>>

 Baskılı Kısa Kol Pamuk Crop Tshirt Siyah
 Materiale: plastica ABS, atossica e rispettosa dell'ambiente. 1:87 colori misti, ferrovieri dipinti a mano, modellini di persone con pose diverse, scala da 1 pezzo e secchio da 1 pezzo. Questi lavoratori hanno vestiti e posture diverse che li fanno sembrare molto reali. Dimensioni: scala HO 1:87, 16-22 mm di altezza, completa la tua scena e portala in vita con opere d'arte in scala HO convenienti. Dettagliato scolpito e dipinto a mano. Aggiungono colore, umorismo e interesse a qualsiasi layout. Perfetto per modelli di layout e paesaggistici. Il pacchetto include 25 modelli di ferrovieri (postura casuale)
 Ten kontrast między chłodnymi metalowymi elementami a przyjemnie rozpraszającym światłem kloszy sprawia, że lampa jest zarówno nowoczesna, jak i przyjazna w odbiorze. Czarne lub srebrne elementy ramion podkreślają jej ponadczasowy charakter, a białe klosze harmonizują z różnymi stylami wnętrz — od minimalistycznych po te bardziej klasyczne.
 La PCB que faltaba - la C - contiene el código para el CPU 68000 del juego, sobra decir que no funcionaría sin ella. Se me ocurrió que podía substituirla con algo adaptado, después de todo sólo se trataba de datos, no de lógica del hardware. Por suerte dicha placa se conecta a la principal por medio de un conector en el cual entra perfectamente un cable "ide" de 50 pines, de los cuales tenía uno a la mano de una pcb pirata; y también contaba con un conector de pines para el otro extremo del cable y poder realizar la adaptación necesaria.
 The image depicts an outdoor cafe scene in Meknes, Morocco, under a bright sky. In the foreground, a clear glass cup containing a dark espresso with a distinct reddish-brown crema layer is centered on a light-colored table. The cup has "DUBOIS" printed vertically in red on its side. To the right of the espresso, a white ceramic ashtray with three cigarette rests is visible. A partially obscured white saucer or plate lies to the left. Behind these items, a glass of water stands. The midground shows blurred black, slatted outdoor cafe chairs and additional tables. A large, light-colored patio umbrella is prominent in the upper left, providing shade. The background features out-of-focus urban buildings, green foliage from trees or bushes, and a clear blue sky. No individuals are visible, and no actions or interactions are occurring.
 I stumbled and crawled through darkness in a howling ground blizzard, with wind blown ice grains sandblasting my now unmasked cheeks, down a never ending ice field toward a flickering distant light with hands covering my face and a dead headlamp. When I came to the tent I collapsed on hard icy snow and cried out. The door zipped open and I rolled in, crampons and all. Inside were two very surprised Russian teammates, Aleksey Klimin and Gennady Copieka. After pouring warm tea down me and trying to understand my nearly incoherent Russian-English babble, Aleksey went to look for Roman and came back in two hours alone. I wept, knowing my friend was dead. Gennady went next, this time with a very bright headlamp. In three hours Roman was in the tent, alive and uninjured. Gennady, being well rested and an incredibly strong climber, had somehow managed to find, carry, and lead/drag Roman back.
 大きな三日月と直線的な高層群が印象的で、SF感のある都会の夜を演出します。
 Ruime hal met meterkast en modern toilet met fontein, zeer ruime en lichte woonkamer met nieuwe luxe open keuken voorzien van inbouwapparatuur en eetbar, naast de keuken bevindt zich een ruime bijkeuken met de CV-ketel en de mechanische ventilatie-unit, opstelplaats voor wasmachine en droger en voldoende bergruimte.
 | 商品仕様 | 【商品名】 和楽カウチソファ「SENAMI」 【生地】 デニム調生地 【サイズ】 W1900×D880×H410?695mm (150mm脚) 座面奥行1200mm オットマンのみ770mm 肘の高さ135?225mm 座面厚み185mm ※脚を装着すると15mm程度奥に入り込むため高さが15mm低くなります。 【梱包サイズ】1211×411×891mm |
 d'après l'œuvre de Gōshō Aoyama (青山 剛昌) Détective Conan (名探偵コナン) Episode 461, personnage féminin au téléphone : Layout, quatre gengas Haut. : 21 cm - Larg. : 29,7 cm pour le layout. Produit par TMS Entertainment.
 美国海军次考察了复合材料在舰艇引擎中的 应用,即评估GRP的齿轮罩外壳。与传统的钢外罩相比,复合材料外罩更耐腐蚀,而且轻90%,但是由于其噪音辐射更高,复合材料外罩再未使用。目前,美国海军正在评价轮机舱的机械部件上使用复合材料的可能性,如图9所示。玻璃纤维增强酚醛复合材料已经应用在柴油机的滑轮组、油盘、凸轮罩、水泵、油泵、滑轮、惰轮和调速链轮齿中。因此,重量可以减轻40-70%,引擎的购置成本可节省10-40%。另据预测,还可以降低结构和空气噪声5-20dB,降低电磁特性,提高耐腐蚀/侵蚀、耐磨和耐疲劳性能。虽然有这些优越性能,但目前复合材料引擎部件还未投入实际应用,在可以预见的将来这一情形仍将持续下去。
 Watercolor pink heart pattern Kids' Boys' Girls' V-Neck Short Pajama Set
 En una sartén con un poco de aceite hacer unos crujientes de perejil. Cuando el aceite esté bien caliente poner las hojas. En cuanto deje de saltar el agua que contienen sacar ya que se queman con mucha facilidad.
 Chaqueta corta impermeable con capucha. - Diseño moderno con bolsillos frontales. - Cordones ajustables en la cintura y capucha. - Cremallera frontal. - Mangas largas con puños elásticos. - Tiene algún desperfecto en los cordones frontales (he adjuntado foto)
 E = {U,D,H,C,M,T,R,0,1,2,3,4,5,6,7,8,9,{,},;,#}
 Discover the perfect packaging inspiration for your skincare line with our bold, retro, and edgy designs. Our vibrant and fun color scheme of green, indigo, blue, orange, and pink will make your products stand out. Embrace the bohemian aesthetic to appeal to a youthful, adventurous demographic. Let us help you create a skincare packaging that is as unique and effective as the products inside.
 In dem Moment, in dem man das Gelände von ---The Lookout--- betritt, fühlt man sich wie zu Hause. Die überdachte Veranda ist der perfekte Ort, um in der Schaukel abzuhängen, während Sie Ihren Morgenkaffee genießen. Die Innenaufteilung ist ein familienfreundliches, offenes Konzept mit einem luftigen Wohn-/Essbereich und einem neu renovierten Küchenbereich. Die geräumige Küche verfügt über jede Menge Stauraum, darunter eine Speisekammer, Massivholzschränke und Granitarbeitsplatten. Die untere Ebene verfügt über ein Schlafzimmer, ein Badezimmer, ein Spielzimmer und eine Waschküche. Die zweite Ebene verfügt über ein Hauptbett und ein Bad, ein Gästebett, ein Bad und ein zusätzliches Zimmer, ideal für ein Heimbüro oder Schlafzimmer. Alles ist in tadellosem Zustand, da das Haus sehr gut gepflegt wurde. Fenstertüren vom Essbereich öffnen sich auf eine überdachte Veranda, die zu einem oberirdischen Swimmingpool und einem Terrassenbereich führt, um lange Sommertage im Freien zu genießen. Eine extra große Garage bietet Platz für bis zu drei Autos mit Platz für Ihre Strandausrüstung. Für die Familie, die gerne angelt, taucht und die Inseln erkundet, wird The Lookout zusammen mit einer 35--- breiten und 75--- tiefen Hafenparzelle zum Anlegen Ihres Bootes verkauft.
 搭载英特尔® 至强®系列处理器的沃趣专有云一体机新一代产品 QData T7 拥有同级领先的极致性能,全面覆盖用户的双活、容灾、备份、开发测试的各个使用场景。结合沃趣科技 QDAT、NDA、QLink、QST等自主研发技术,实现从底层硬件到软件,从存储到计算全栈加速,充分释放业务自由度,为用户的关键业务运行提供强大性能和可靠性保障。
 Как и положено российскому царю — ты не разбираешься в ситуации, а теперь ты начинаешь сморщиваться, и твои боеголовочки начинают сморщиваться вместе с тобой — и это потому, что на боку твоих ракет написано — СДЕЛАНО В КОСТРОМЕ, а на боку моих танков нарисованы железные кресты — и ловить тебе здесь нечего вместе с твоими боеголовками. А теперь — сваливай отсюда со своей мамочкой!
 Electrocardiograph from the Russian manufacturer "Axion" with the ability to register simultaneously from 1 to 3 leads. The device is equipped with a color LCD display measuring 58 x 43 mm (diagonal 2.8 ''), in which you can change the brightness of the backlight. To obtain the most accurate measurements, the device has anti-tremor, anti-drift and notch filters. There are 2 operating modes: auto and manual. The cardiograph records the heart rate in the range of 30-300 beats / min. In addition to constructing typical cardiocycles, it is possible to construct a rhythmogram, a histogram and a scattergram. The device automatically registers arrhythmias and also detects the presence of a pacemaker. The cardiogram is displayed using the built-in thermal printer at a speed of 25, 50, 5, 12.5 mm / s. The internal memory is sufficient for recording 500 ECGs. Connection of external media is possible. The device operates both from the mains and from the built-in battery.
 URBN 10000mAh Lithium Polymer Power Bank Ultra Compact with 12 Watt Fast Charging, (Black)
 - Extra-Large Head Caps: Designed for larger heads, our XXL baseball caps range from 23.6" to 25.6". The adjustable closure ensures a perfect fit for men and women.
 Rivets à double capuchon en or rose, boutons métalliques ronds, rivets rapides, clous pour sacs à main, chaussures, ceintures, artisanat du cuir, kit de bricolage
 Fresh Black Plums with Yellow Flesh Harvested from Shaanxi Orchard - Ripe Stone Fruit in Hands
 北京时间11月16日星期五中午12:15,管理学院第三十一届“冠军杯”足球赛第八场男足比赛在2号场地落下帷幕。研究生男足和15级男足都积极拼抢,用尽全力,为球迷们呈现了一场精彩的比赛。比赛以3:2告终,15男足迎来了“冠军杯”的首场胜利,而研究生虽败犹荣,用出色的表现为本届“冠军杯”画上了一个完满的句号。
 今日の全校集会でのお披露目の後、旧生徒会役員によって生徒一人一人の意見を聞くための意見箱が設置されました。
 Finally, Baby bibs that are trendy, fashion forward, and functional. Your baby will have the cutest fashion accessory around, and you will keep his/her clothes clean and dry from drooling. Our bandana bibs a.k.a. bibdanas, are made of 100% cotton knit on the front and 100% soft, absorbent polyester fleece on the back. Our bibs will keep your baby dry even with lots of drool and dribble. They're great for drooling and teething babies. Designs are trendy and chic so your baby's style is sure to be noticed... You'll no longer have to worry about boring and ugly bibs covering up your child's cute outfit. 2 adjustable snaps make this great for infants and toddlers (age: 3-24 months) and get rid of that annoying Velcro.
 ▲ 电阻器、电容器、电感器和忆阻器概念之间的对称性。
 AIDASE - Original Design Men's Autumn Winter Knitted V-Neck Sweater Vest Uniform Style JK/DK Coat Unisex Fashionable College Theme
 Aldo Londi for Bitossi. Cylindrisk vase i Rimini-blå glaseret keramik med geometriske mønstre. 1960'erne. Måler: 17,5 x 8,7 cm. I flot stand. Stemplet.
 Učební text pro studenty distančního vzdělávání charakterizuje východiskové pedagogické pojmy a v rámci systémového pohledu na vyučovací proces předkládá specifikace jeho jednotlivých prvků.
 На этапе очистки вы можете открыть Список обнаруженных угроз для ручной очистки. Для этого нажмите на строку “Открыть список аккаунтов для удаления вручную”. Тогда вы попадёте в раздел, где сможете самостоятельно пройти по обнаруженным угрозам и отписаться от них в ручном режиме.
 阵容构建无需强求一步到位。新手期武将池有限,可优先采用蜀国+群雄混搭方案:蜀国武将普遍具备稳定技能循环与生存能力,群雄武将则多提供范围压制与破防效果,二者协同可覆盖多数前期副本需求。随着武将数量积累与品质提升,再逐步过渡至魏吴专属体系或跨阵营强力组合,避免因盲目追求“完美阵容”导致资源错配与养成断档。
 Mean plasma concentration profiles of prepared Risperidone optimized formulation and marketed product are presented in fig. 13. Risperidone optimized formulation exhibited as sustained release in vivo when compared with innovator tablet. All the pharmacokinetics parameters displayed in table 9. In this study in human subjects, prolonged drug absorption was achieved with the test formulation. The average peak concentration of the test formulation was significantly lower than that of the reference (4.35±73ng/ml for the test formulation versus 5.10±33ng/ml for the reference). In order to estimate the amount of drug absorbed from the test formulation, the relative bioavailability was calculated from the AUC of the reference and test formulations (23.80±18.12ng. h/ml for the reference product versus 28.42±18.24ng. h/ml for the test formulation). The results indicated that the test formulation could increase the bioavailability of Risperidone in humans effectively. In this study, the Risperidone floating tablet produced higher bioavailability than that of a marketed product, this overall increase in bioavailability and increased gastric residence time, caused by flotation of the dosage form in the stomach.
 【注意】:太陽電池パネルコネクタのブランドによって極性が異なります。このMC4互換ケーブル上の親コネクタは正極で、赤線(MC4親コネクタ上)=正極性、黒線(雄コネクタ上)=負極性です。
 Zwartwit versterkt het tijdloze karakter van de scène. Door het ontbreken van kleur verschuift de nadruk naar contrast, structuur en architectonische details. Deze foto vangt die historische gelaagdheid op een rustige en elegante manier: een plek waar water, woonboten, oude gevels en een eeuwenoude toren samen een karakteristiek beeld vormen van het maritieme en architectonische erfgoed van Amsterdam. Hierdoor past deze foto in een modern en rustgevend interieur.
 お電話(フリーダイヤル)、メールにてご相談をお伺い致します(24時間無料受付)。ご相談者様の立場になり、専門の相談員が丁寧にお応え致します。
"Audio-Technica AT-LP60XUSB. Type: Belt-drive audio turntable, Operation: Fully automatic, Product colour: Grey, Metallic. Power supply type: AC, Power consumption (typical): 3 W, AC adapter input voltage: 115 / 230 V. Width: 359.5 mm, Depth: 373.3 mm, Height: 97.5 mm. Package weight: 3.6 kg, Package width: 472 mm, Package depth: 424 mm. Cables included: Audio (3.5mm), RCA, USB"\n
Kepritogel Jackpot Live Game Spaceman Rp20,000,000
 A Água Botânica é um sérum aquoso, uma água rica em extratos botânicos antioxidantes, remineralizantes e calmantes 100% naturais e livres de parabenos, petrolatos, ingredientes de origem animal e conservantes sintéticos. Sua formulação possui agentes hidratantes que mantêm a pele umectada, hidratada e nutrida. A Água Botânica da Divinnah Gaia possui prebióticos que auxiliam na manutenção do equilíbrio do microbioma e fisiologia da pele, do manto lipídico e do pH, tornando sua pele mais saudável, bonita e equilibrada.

<<

> _Activity_
Would you restate exactly the lines of the material above, from its opening line through the line with "Ten kontrast między", and output only those?

> _Your solution_
 Baskılı Kısa Kol Pamuk Crop Tshirt Siyah
 Materiale: plastica ABS, atossica e rispettosa dell'ambiente. 1:87 colori misti, ferrovieri dipinti a mano, modellini di persone con pose diverse, scala da 1 pezzo e secchio da 1 pezzo. Questi lavoratori hanno vestiti e posture diverse che li fanno sembrare molto reali. Dimensioni: scala HO 1:87, 16-22 mm di altezza, completa la tua scena e portala in vita con opere d'arte in scala HO convenienti. Dettagliato scolpito e dipinto a mano. Aggiungono colore, umorismo e interesse a qualsiasi layout. Perfetto per modelli di layout e paesaggistici. Il pacchetto include 25 modelli di ferrovieri (postura casuale)
 Ten kontrast między chłodnymi metalowymi elementami a przyjemnie rozpraszającym światłem kloszy sprawia, że lampa jest zarówno nowoczesna, jak i przyjazna w odbiorze. Czarne lub srebrne elementy ramion podkreślają jej ponadczasowy charakter, a białe klosze harmonizują z różnymi stylami wnętrz — od minimalistycznych po te bardziej klasyczne.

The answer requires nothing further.